▶ [DATA BELOW]:
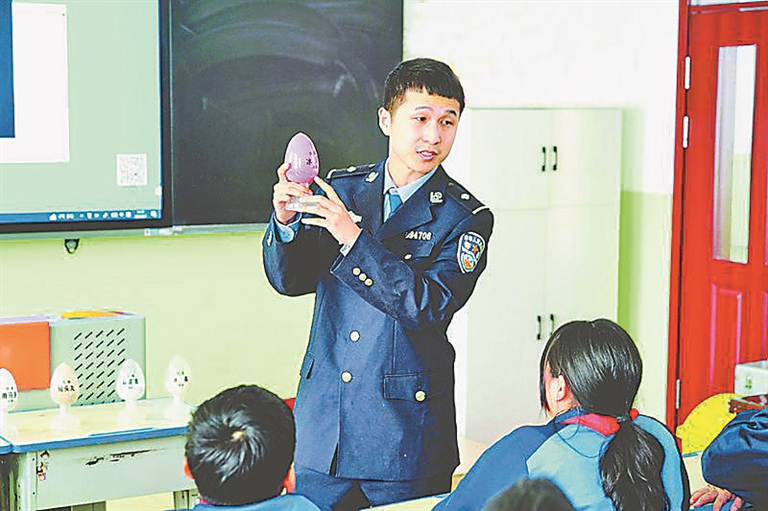 民警在给孩子们上禁毒课。本报记者 潘宏宇摄
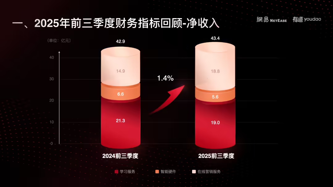 根据网易有道 CEO 周枫披露的财务数据,公司在今年前三季度实现了稳健增长。累计净收入达到 43.4 亿元,同比增长 1.4%。与此同时,运营效率显著提升,销售费用和管理费用等运营成本同比下降,推动经营利润增长至 1.6 亿元,同比增幅高达 149.2%。这一成绩反映出公司在优化成本结构和提升盈利能力方面取得了实质性进展。
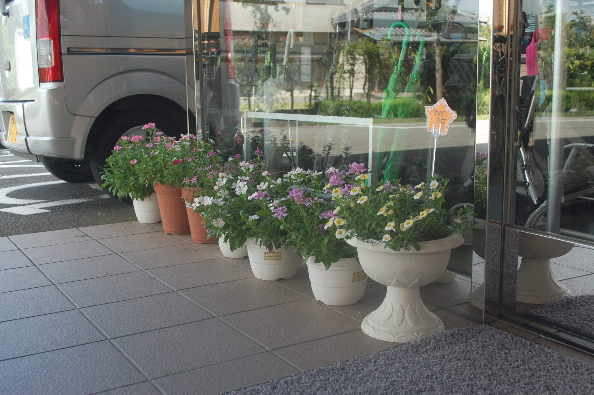 みゆきの苑の玄関は、カリブラコア・色々なタイプの日々草がありますよ🌸

▶ [WORK REQUIRED]:
Apart from the images, every line above is to be given again exactly.

▶ [ANSWER TO THE PROBLEM]:
 民警在给孩子们上禁毒课。本报记者 潘宏宇摄
 根据网易有道 CEO 周枫披露的财务数据,公司在今年前三季度实现了稳健增长。累计净收入达到 43.4 亿元,同比增长 1.4%。与此同时,运营效率显著提升,销售费用和管理费用等运营成本同比下降,推动经营利润增长至 1.6 亿元,同比增幅高达 149.2%。这一成绩反映出公司在优化成本结构和提升盈利能力方面取得了实质性进展。
 みゆきの苑の玄関は、カリブラコア・色々なタイプの日々草がありますよ🌸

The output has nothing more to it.